• TASK TO CARRY OUT
How do the lines read from the one holding "The arched hallway" through the last line of the listing? Set them down exactly, pictures omitted.

• DATA BELOW

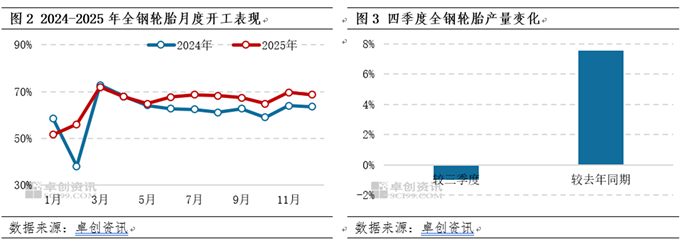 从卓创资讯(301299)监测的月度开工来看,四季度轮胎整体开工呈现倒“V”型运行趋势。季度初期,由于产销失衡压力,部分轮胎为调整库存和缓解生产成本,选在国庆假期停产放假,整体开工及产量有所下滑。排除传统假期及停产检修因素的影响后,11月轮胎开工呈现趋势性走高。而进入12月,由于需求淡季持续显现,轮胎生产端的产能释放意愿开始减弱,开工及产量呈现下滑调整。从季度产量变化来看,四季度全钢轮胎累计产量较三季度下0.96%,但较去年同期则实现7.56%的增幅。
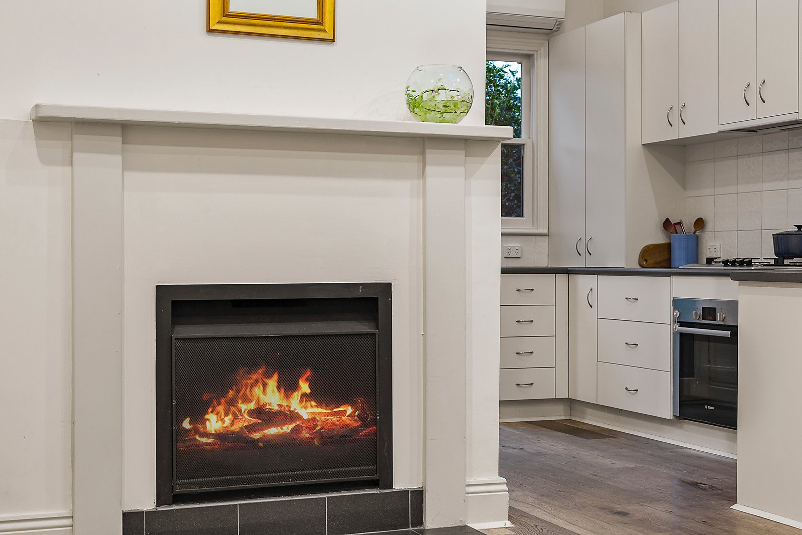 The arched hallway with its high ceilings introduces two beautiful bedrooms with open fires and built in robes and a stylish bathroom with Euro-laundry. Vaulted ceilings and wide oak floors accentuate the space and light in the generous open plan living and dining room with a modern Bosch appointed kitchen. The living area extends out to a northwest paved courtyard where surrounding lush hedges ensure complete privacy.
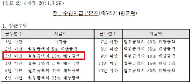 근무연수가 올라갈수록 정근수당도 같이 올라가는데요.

• ANSWER SPACE
 The arched hallway with its high ceilings introduces two beautiful bedrooms with open fires and built in robes and a stylish bathroom with Euro-laundry. Vaulted ceilings and wide oak floors accentuate the space and light in the generous open plan living and dining room with a modern Bosch appointed kitchen. The living area extends out to a northwest paved courtyard where surrounding lush hedges ensure complete privacy.
 근무연수가 올라갈수록 정근수당도 같이 올라가는데요.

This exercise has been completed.